Alessandro Longhi (Venezia 1733-1813)

Benché fosse figlio di Pietro, apprese la pittura nella bottega del ritrattista Giu­seppe Nogari e ben presto raggiunse anche lui fama di valente pittore di ritratti. Eseguì anche opere di arte sacra, ma con scarso profitto. Invece nei ritratti riuscì a cogliere aspetti veri, acuti esami psicologici, testimonianze di vita reale. Nel 1759 fu ammesso all'Accademia ed eseguì in Palazzo Ducale un gruppo di alti dignitari veneziani. Nello stesso tempo badava a dipingere ritratti di gente del popolo, profondamente interessato più ai caratteri singoli che non allo sfarzo ufficiale.

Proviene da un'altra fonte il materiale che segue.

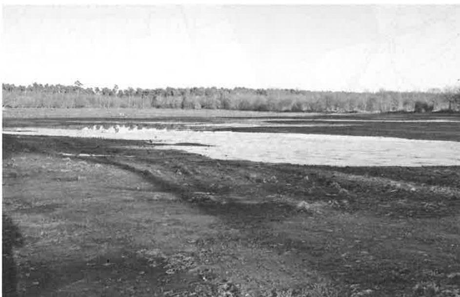
Foto 1 (links): Rond Bootjesven is een zone van 80 ha natuurgebied. Daar ontstaan tussen de heide nieuwe vennen, zoals hier het Hermansmoer. Foto 2 (rechts) Men herstelde een oude stuwconstructie om het water van het Hermansmoer te regelen.

Filip: Ja, bij het opmaken van het beheersplan is hier een zone voor heideherstel voorzien. Voorbij Bootjesven ontstond zo een tweede ven, het zogenaamde " Hermansmoer " ( foto 1 ). Zo waren er vanouds veel, zoals je kan zien op de Ferrariskaart van 1777. We herstelden ook een stuwconstructie onder de dreef ( foto 2 ), waarmee men het waterpeil van het ven kon regelen. Onze natuurwachter zal het gebruiken om te beletten dat er te veel water en dus ook vis in het ven komt. De streek rond Bootjesven is erkend als habitatgebied voor zeldzame planten en dieren zoals hier de kamsalamander, die niet overleven als er vis zit.

Tra gli uomini in vista del suo tempo ritrasse Goldoni, il padre Lodoli, il collega Fontebasso, i l Cimarosa nonché due gruppi di persone della Casa Pisani. Questa attività ritrattistica, in cui l'occhio individua le fisionomie, lo differenzia dal più celebre fratello, inteso a «raccontare» scene di vita giornaliera nei salotti, nei ritrovi pubblici o- nelle calli. Verso la fine del secolo, attento alle mutazioni storiche e sociali, la sua pittura tralascia man mano certe pompose evidenze, il suo occhio, fedele al soggetto, non manca di rivelare un'ironica condiscendenza, risolvendo ormai il ritratto in immagine in cui prevale la notazione coloristica e una descrizione profonda ma sobria, che mette in risalto una sensibilità nuova e moderna sollecitata dalla viva curiosità per l'essere umano.